**WHAT IS NEEDED:**
Output the listing exactly as written, apart from its pictures.

**DATA SEGMENT:**

--

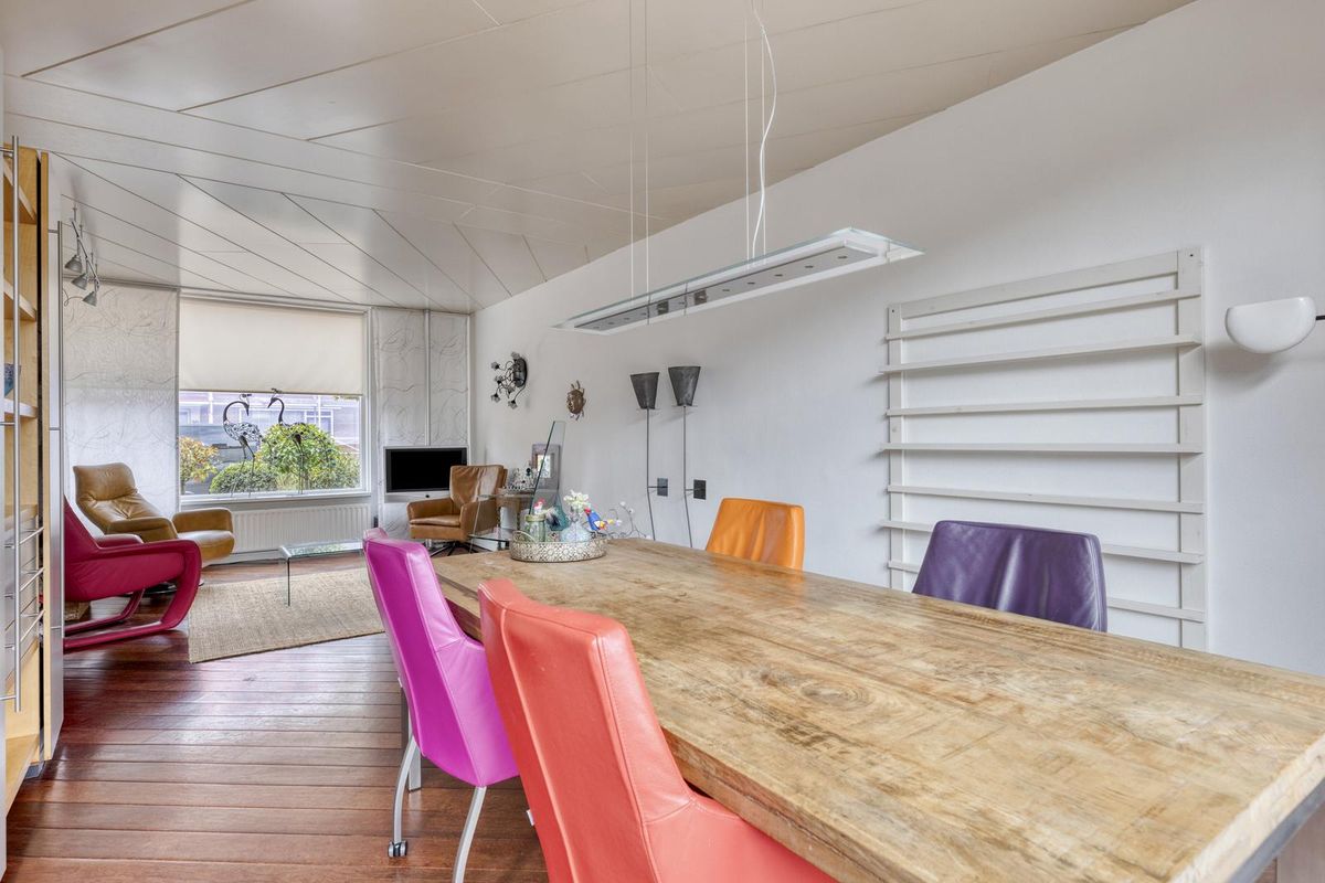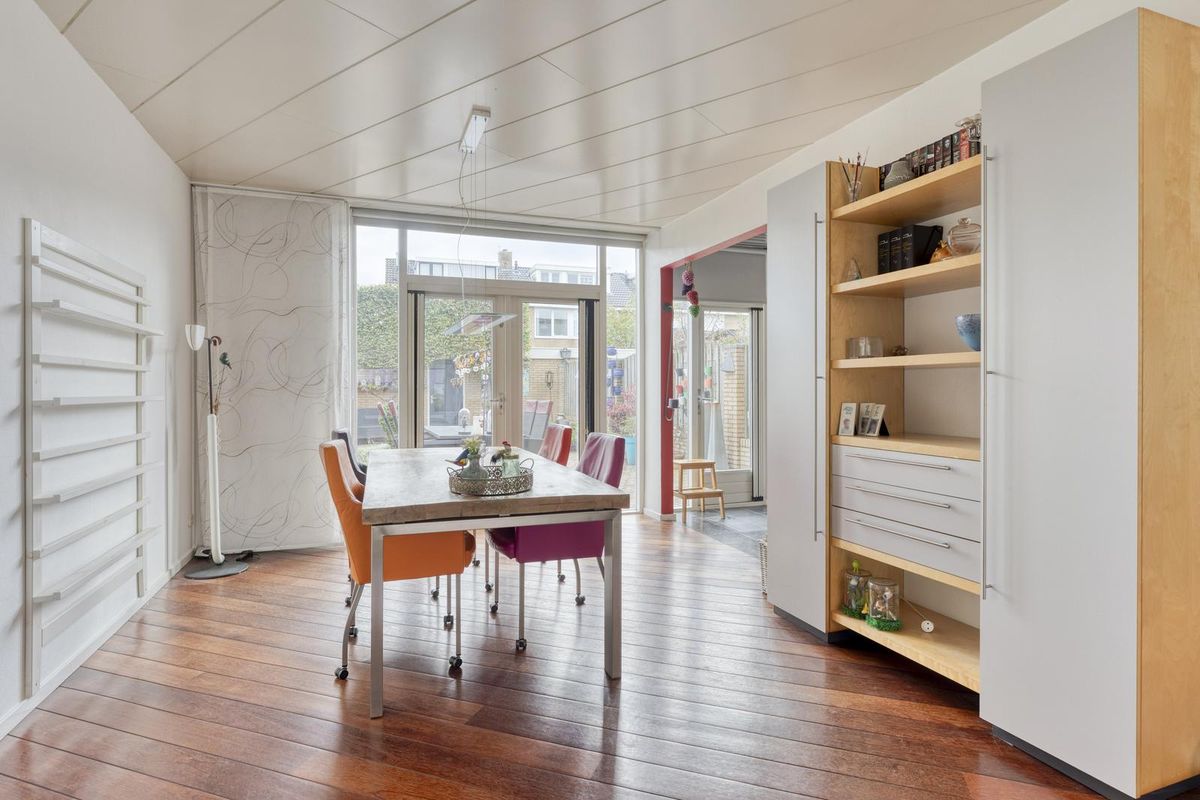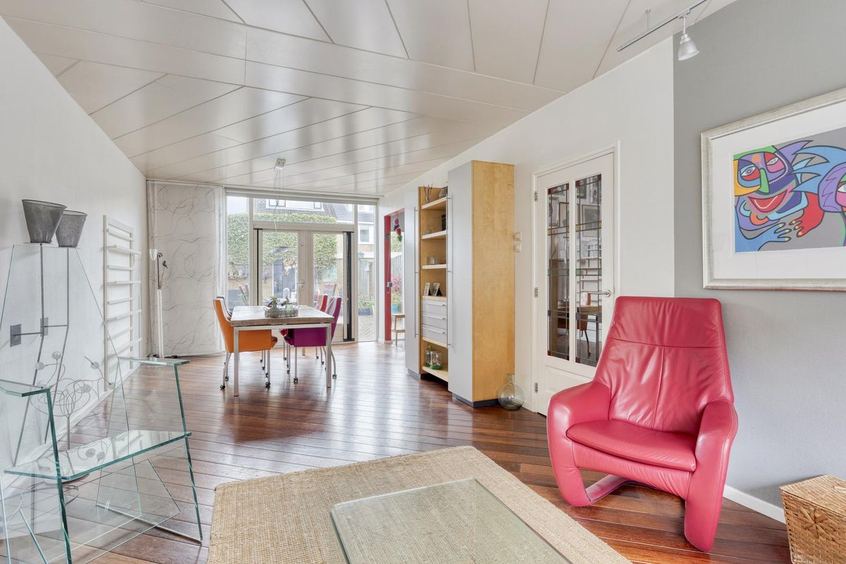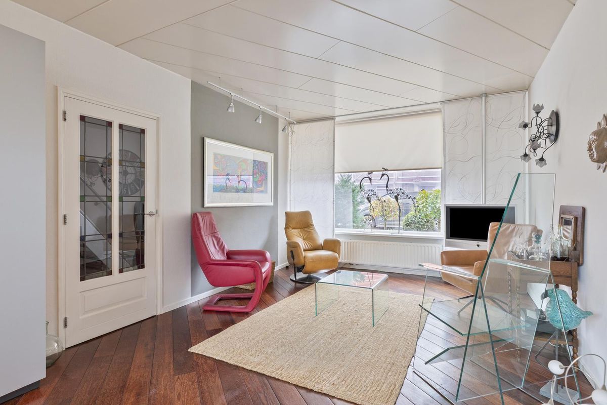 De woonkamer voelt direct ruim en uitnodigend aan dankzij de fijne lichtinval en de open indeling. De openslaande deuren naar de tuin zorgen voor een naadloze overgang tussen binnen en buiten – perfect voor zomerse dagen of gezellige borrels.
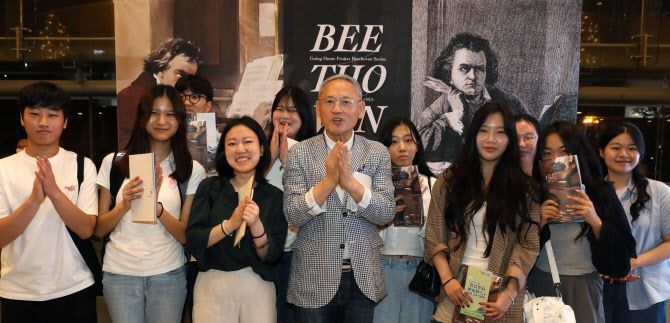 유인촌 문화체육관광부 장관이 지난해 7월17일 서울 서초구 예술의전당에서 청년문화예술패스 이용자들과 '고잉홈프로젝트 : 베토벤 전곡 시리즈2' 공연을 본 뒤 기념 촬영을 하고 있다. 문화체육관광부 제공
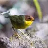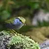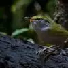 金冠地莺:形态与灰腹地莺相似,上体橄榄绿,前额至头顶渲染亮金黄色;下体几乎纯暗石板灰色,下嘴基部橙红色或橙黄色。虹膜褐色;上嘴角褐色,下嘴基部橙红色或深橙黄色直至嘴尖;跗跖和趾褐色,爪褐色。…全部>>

--

**RESULT OF THE EXERCISE:**
 De woonkamer voelt direct ruim en uitnodigend aan dankzij de fijne lichtinval en de open indeling. De openslaande deuren naar de tuin zorgen voor een naadloze overgang tussen binnen en buiten – perfect voor zomerse dagen of gezellige borrels.
 유인촌 문화체육관광부 장관이 지난해 7월17일 서울 서초구 예술의전당에서 청년문화예술패스 이용자들과 '고잉홈프로젝트 : 베토벤 전곡 시리즈2' 공연을 본 뒤 기념 촬영을 하고 있다. 문화체육관광부 제공
 金冠地莺:形态与灰腹地莺相似,上体橄榄绿,前额至头顶渲染亮金黄色;下体几乎纯暗石板灰色,下嘴基部橙红色或橙黄色。虹膜褐色;上嘴角褐色,下嘴基部橙红色或深橙黄色直至嘴尖;跗跖和趾褐色,爪褐色。…全部>>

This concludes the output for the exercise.